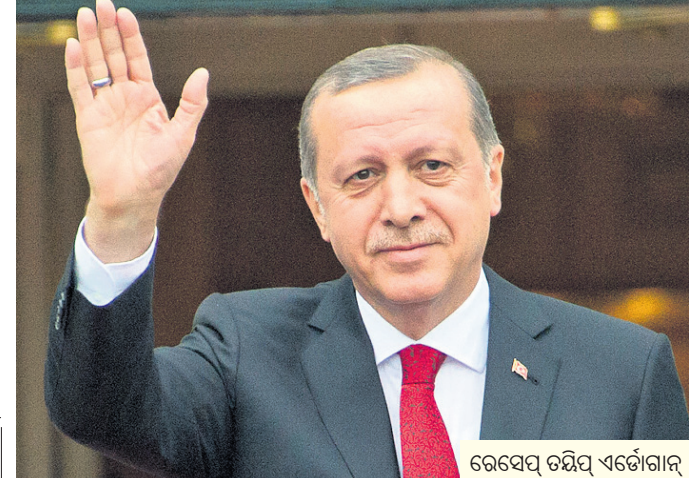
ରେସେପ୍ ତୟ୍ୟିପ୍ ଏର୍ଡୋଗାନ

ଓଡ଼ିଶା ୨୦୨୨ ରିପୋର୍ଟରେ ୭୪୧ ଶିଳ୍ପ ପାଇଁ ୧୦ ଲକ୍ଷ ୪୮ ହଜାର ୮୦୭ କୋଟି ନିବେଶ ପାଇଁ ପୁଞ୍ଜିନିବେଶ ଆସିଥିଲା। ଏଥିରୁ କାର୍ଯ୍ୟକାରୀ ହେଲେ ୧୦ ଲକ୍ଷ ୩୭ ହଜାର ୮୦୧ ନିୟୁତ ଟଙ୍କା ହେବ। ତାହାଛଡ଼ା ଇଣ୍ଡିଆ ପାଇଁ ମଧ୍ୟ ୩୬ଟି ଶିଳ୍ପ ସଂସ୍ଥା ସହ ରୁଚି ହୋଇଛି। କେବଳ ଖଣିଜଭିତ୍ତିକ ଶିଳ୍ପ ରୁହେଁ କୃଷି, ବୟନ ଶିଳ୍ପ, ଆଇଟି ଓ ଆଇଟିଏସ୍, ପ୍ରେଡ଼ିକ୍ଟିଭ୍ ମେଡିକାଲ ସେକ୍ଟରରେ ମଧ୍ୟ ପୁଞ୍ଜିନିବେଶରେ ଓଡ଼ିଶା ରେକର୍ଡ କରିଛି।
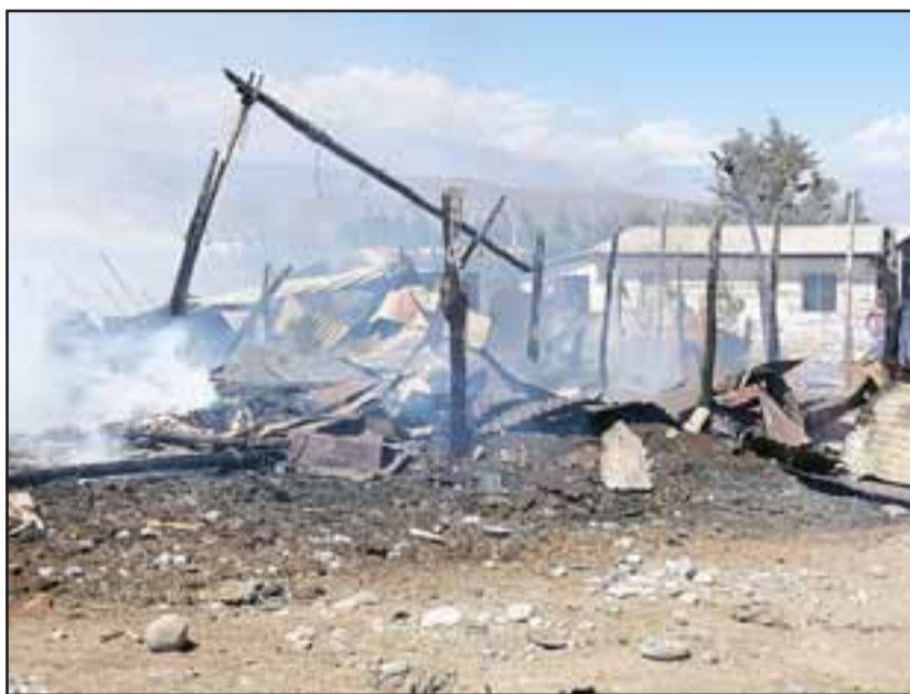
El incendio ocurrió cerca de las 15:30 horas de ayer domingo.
####################
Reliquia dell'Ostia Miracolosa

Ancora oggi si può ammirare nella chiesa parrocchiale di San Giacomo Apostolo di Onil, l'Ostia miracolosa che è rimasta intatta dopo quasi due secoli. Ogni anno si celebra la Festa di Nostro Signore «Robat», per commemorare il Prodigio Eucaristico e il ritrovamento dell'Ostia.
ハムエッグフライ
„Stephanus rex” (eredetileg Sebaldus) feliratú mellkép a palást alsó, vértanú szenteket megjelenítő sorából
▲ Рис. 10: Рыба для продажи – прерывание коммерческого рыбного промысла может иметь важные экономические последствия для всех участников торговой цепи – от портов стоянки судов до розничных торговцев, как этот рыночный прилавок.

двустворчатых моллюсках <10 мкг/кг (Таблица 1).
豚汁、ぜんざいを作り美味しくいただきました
####################
- **AIM OF THE TASK**
In the listing above, find the line with "ରେସେପ୍ ତୟ୍ୟିପ୍ ଏର୍ଡୋଗାନ" and the line with "El incendio ocurrió". Output both, plus every line between them, and no pictures.

- **REPLY**
ରେସେପ୍ ତୟ୍ୟିପ୍ ଏର୍ଡୋଗାନ

ଓଡ଼ିଶା ୨୦୨୨ ରିପୋର୍ଟରେ ୭୪୧ ଶିଳ୍ପ ପାଇଁ ୧୦ ଲକ୍ଷ ୪୮ ହଜାର ୮୦୭ କୋଟି ନିବେଶ ପାଇଁ ପୁଞ୍ଜିନିବେଶ ଆସିଥିଲା। ଏଥିରୁ କାର୍ଯ୍ୟକାରୀ ହେଲେ ୧୦ ଲକ୍ଷ ୩୭ ହଜାର ୮୦୧ ନିୟୁତ ଟଙ୍କା ହେବ। ତାହାଛଡ଼ା ଇଣ୍ଡିଆ ପାଇଁ ମଧ୍ୟ ୩୬ଟି ଶିଳ୍ପ ସଂସ୍ଥା ସହ ରୁଚି ହୋଇଛି। କେବଳ ଖଣିଜଭିତ୍ତିକ ଶିଳ୍ପ ରୁହେଁ କୃଷି, ବୟନ ଶିଳ୍ପ, ଆଇଟି ଓ ଆଇଟିଏସ୍, ପ୍ରେଡ଼ିକ୍ଟିଭ୍ ମେଡିକାଲ ସେକ୍ଟରରେ ମଧ୍ୟ ପୁଞ୍ଜିନିବେଶରେ ଓଡ଼ିଶା ରେକର୍ଡ କରିଛି।
El incendio ocurrió cerca de las 15:30 horas de ayer domingo.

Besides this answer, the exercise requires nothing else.